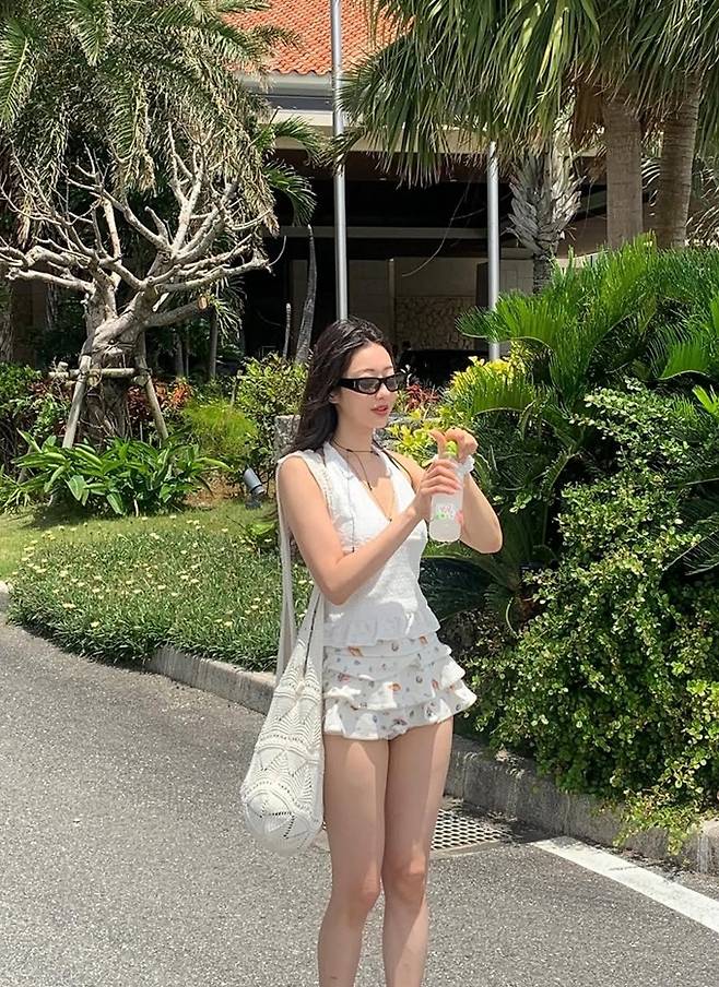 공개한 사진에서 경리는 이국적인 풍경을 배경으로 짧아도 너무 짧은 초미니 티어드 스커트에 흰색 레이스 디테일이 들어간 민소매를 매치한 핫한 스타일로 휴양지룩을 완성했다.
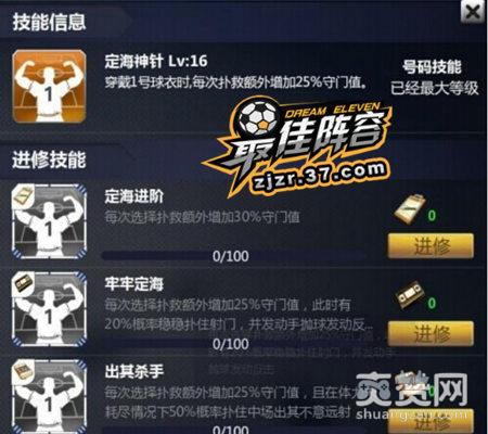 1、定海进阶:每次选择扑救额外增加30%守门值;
^^^^^^^^^^^^^^^^
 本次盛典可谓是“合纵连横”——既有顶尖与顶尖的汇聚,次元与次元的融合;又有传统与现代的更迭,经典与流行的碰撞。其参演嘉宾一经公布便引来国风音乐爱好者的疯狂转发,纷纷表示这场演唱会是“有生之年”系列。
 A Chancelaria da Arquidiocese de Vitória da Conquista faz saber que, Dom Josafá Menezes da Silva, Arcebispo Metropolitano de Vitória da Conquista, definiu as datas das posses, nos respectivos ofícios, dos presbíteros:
^^^^^^^^^^^^^^^^
# [Required action]
Both the line containing "공개한 사진에서 경리는" and the line containing "1、定海进阶:每次选择扑救额外增加30%守门值;" above belong in the output, as do the lines between them. Print them exactly, without pictures.

# [Response]
 공개한 사진에서 경리는 이국적인 풍경을 배경으로 짧아도 너무 짧은 초미니 티어드 스커트에 흰색 레이스 디테일이 들어간 민소매를 매치한 핫한 스타일로 휴양지룩을 완성했다.
 1、定海进阶:每次选择扑救额外增加30%守门值;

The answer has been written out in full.